The Importance of Recycling Aluminum and How Recycled Aluminum Is Used

Few materials are recycled in abundance as much as aluminum. Not only have public campaigns around recycling aluminum products like aluminum cans been highly effective in Canada, but they’ve also been incredibly effective around the world too. In fact, they are the most recycled container around the world with an average recycling rate of 69%.

Although that number is amazing, it’s still crucial to keep recycling aluminum as well. Below, we detail why that is, and how recycled aluminum gets put back into products you use every day.

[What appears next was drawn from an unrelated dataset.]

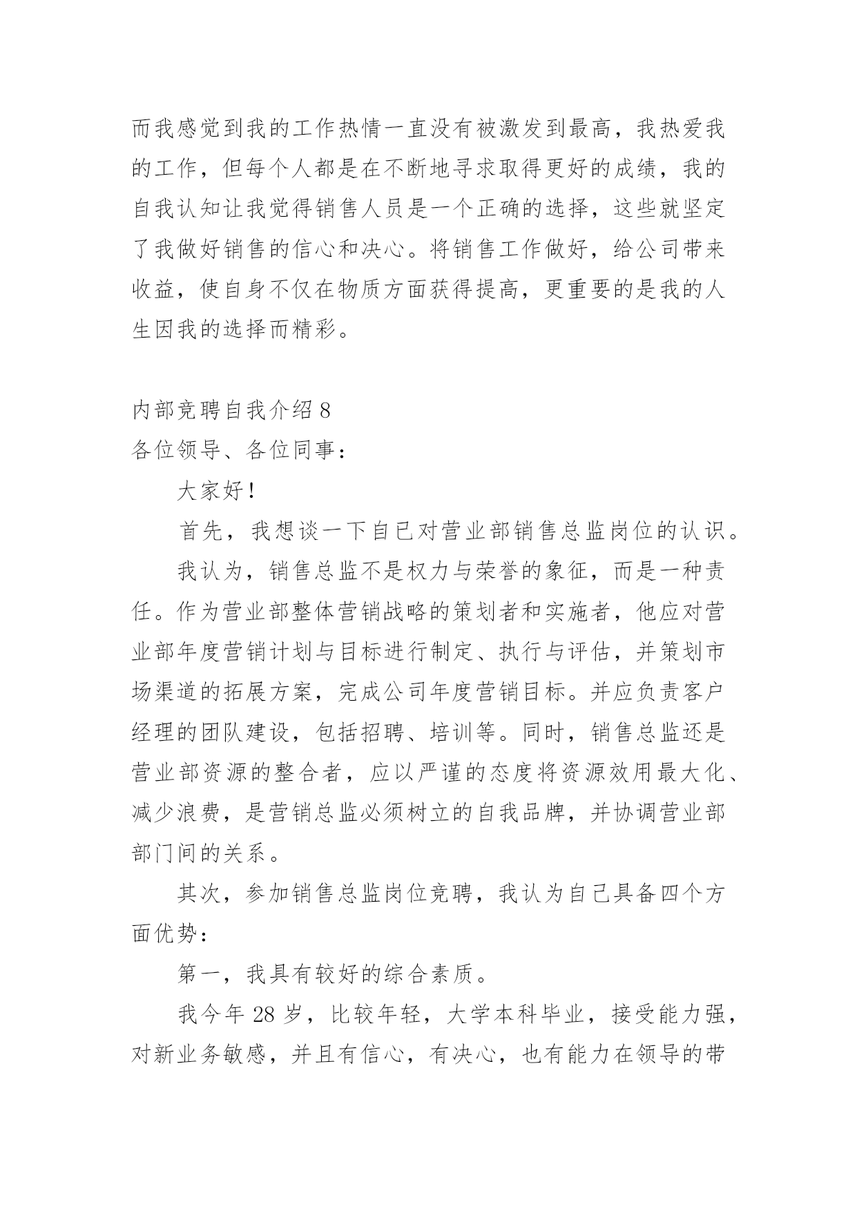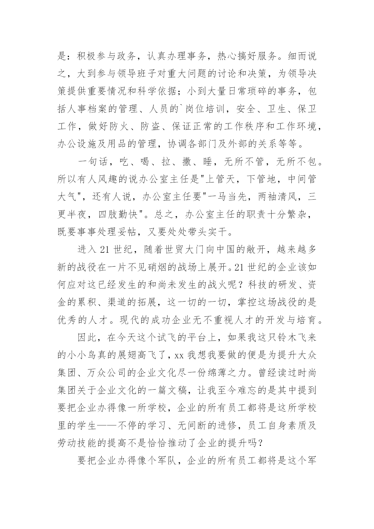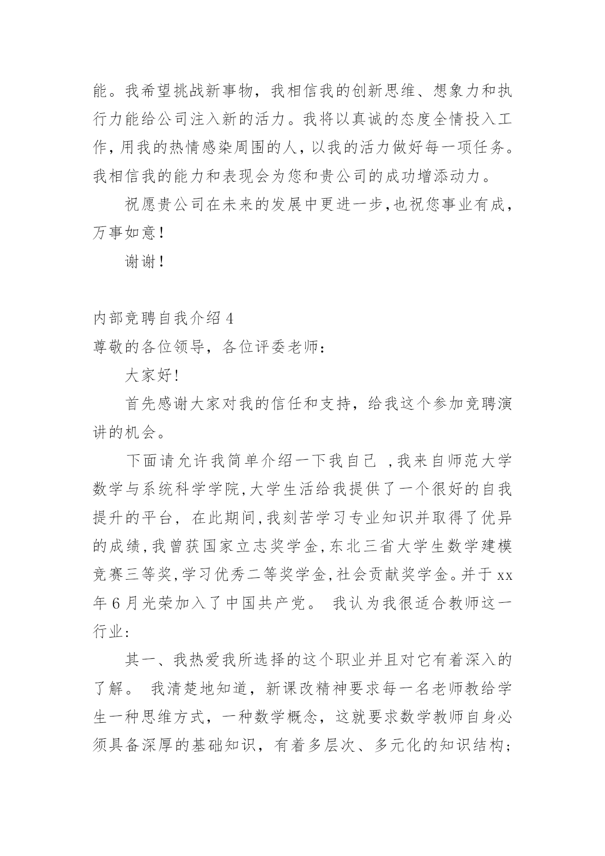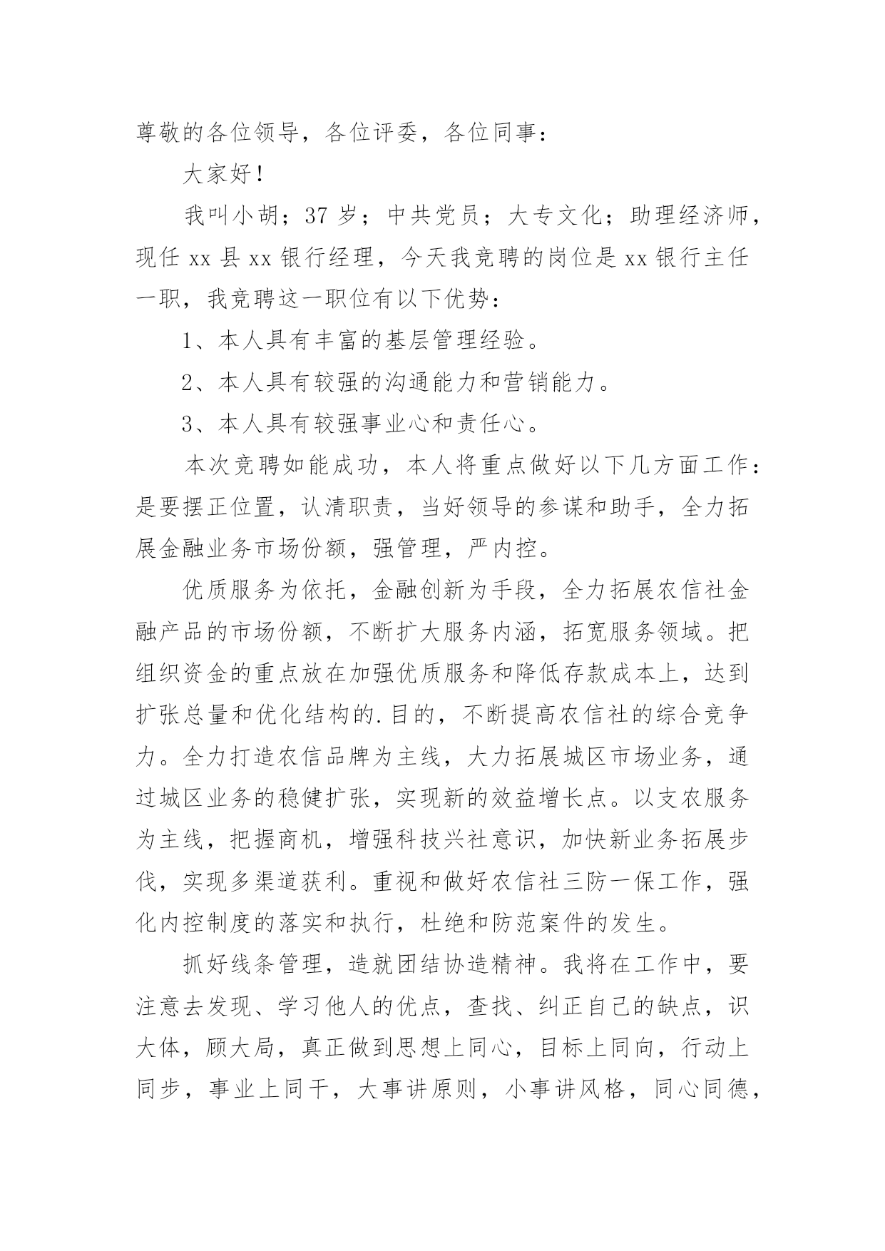 内部竞聘自我介绍来到一个完全陌生的环境,常常要进行自我介绍,自我介绍可以满足我们渴望得到尊重的心理。怎么写自我介绍才能避免踩雷呢?以下是小编为大家收集的内部竞聘自我介绍,欢迎阅读与收藏。内部竞聘自我介绍1各位尊敬的考官:大家下午好!很荣幸能在这里面试,让我有向各位考官学习与交流的机会,现将自己的情况简要介绍一下:我叫xxx本站,出生在xx(什么什么地方)。性格比较温和、谦虚、认真细致、踏实、吃苦耐劳、有较强的责任心和社会适应能力。于xx年。月毕业于xx学院,作为联通的业务经理,我xx(就写你的业务情况和一些业绩然后说你想要竞聘客户经理,然后说说你的优势)。在投身于社会之际,为了找到符合自己专业和兴趣的岗位,更好地适应社会,我希望自己能够做到一种被别人需要的一种状态,至于做什么,就是在实践中,不断的学习、不断的锻炼。因此,我希望能够胜任这份职务,我相信我一定在自己的岗位上尽职尽责、踏踏实实地贡献之集的`一份力量,与公司共同促进、发展。"世界之大,人才济济"。我承认自己还不是最优秀的人才,但是我希望自己是此岗位最合适的人选,希望有幸能够被公司领导予以特别考虑。今后我在好的方面再接再厉,不足之处有所改善。我的介绍到此结束。谢谢!内部竞聘自我介绍2尊敬的领导:大家好!我是今天的第四位竞聘者xxx,我来自铃木店,现任铃木店出纳员岗位。据本人的小道调查显示:我是本次竞聘会中年龄的一个、学历最低的一个、专业年限最少的一个,而且还是专业最不对口的一个。那么,我为什么会站在这里呢?因为我自信——因为年龄,所以我更沉稳;因为学历最低,所以我更勤奋;因为专业年限最少,所以我更肯干;因为专业最不对口,所以我更能给行政工作注入新鲜的动力。今天,站在这里,我很荣幸,也有点紧张。首先,我要感谢集团、感谢人力资源部给我们提供了这样一个试飞的平台,也要感谢在座各位领导的热情与支持。我认为,能否当好领导的助手、参谋,能否做到承上启下、安内调外是行政工作的灵魂。行政工作的优劣,以及能否开创新的局面,关键取决于是否有一个坚定不移地贯彻了集团的方针、政策,勇于改革、创新,具有较强的组织能力和良好的素质修养,善于博采众长,带领大家团结一致、万众一心、协调工作的领导集体。行政办主任则是这个集休的核心。行政工作广而说之就是:积极参与政务,认真办理事务,热心搞好服务。细而说之,大到参与领导班子对重大问题的讨论和决策,为领导决策提供重要情况和科学依据;小到大量日常琐碎的事务,包括人事档案的管理、人员的`岗位培训,安全、卫生、保卫工作,做好防火、防盗、保证正常的工作秩序和工作环境,办公设施及用品的管理,协调各部门及外部的关系等等。一句话,吃、喝、拉、撒、睡,无所不管,无所不包。所以有人风趣的说办公室主任是"上管天,下管地,中间管大气",还有人说,办公室主任要"一马当先,两袖清风,三更半夜,四肢勤快"。总之,办公室主任的职责十分繁杂,既要事事处理妥帖,又要处处带头实干。进入21世纪,随着世贸大门向中国的敞开,越来越多新的战役在一片不见硝烟的战场上展开。21世纪的企业该如何应对这已经发生的和尚未发生的战火呢?科技的研发、资金的累积、渠道的拓展,这一切的一切,掌控这场战役的是优秀的人才。现代的成功企业无不重视人才的开发与培育。因此,在今天这个试飞的平台上,如果我这只铃木飞来的小小鸟真的展翅高飞了,xx我想我要做的便是为提升大众集团、万众公司的企业文化尽一份绵薄之力。曾经读过时尚集团关于企业文化的一篇文稿,让我至今难忘的是其中提到要把企业办得像一所学校,企业的所有员工都将是这所学校里的学生——不停的学习、无间断的进修,员工自身素质及劳动技能的提高不是恰恰推动了企业的提升吗?要把企业办得像个军队,企业的所有员工都将是这个军队里的战士——平日的操练,练就一身过硬的本领,军号吹响就是一支能打且善打硬仗的军队。最重要的是要让企业像一个家,所有员工都是家庭的一员——为了家庭的富足、美满他们不懈的努力……如果集团的各位领导对上述观点也给予与肯定及支持,那么为了这样一所学校、这样一支军队、这样一个家,我将在熟悉公司的日常运作后,x根据公司的自身特色、员工的大众需求,在自己的职责、职权范围内开展一系列的活动,力争创造具有大众集团、万众公司鲜明特色的一所学校、一支军队、一个家。每内部竞聘自我介绍3亲爱的领导:您好!感谢您花时间阅读我的申请。非常感谢xx银行给我这个展示自我、提升能力的机会,我一定会抓住这次锻炼和成长的机会。我叫,在校期间是一名20xx级的学生,我希望能有机会加入贵公司,并贡献出自己的一份力量。我全力以赴地学习计算机专业课程,以求打下坚实的'理论基础。此外,我还充分利用实习经验来增强实际操作技能。过去几年的社会实践拓宽了我的视野,锻炼了我沉着果断、热情高效的工作态度。作为班级干部,我积极

Why It’s Important to Recycle Aluminum

It’s well known that aluminum is highly versatile and is used in a wide range of applications. This is due to its many beneficial properties including its high thermal conductivity, high resistance to corrosion, its ability to be easily cast, machined, bent, welded, tapered, and alloyed, and the fact that it can be endlessly recycled with degradation.

With that in mind, it still takes a lot of work to actually make aluminum. The process of making aluminum involves a lot of mining, refining, and smelting. Each of these steps emits a lot of pollution—whether it’s the exhaust from the mining machines or the smoke from the smelting process. Every time new aluminum needs to be made, it creates significant pollution so it’s important to reduce the amount of new aluminum that’s made.

Plus, as we mentioned previously, aluminum can be recycled endlessly without degradation. This means it’s infinitely reusable as there is no loss of quality once the recycling process is finished. Because of this, the more aluminum that can be recycled, the lower the negative impact on the environment.

Recycled aluminum bales

How Is Aluminum Recycled?

The process of recycling aluminum typically involves 7 steps:

  1. Sorting: after arriving at a recycling center aluminum is sorted out accordingly.
  2. Shredding: aluminum is taken to a reprocessing plant and cut or shredded into small pieces.
  3. Cleaning: the shredded aluminum is scrubbed cleaned and treated with chemicals to prepare it for getting melted down.
  4. Melting: aluminum is loaded in bales that are put into furnaces that reach 750℃ to melt down the aluminum.
  5. Byproduct removal: the melted aluminum is purified either mechanically or chemically.
  6. Creating alloy: aluminum alloy is created from purified aluminum and other metals.
  7. Compounding: melted aluminum alloy is made into ingots to be sent out for use in manufacturing.

How Recycled Aluminum Is Used

In most cases, recycled aluminum simply goes back to being used to make the product or item it was melted down from. Aluminum cans are made back into new aluminum cans, aluminum plane parts are made back into aluminum plane parts, and so on.

Overall, recycling aluminum is not only benefits the environment but also reduces the need to make more new aluminum as well.